- Associated Press - Monday, October 27, 2014

PASCAGOULA, Miss. (AP) - A Pascagoula fertilizer plant that has faced environmental scrutiny has filed for Chapter 11 bankruptcy protection, saying it needs debt relief.

Mississippi Phosphates Corp. filed Monday in U.S. Bankruptcy Court in Gulfport, listing assets and debts between $100 million and $500 million.

Two small subsidiaries also filed for Chapter 11, each listing debts and assets of $1 million to $10 million. But parent company Phosphate Holdings Inc. did not seek protection, which could help it to maintain control of the companies.

In court papers, Mississippi Phosphates said it has 224 employees and 26 contractors. The company said it hasn’t laid off or furloughed any employees so far.

“We expect that through this filing, we can gain needed relief, secure an updated credit and funding facility and return to production operations in an expedited manner,” CEO Stephen Russo said in a statement. “In addition to resuming operations, our plans call for the Company to continue maintenance and all environmental and safety programs during this reorganization.”

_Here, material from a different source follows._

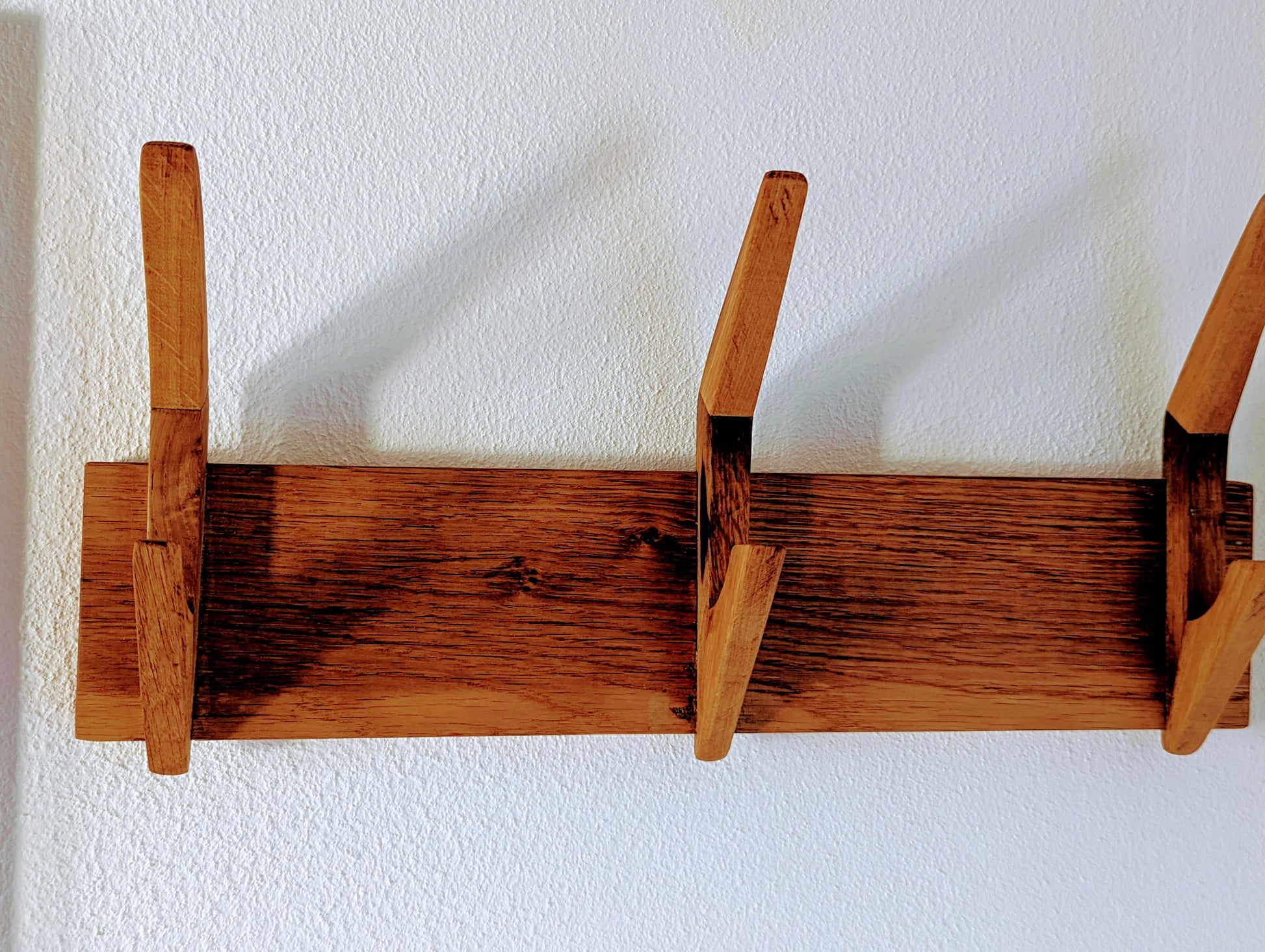 This wall-mounted coat rack is a sculptural interpretation of everyday utility. Handcrafted from a reclaimed oak beam, each element of its design emphasizes balance, proportion, and the tactile warmth of aged wood. The angular hooks emerge seamlessly from the solid backplate, creating a dynamic play of lines and shadows.

Formerly a part of Yazoo-City-based Mississippi Chemical Corp., Mississippi Phosphates previously filed for Chapter 11 reorganization in May 2003, emerging in March 2006.

Mississippi Phosphates has been fined repeatedly in recent years for releasing acid into the air and water at its Bayou Casotte plant. In its filing, the company said it doesn’t have any property that “poses or is alleged to pose a threat of imminent and identifiable harm to public health or safety.”

The company has reported at least two sulfuric acid releases this year, and residents near the plant have complained of acid mists. A wastewater system is supposed to control acid releases into waterways from two giant hills of gypsum byproduct, but multiple acid releases have been recorded, including some that harmed the nearby Grand Bay National Estuarine Research Reserve.

Mississippi Phosphates said it will ask a judge to authorize it to continue normal business operations while management plans bankruptcy reorganization. It said the Chapter 11 filing was necessary “to obtain sufficient additional funding for its ongoing operations.”

The company said it stopped production of diammonium phosphate fertilizer last week because of a shortage in raw materials.

There are signs that financial stress had been mounting for some time - for example, the company was late in paying its property taxes last year.

Pascagoula Port Director Mark McAndrews said Mississippi Phosphates had fallen behind on its water bills sometime within the last year. He said the company and Jackson County Port Authority had been negotiating a payment plan to catch up on the debt, but when the company filed, it owed $387,000 to the authority.

Overall, the company owes almost $20 million to unsecured creditors, including $4.7 million to a Moroccan government-owned company that is the world’s largest phosphate producer.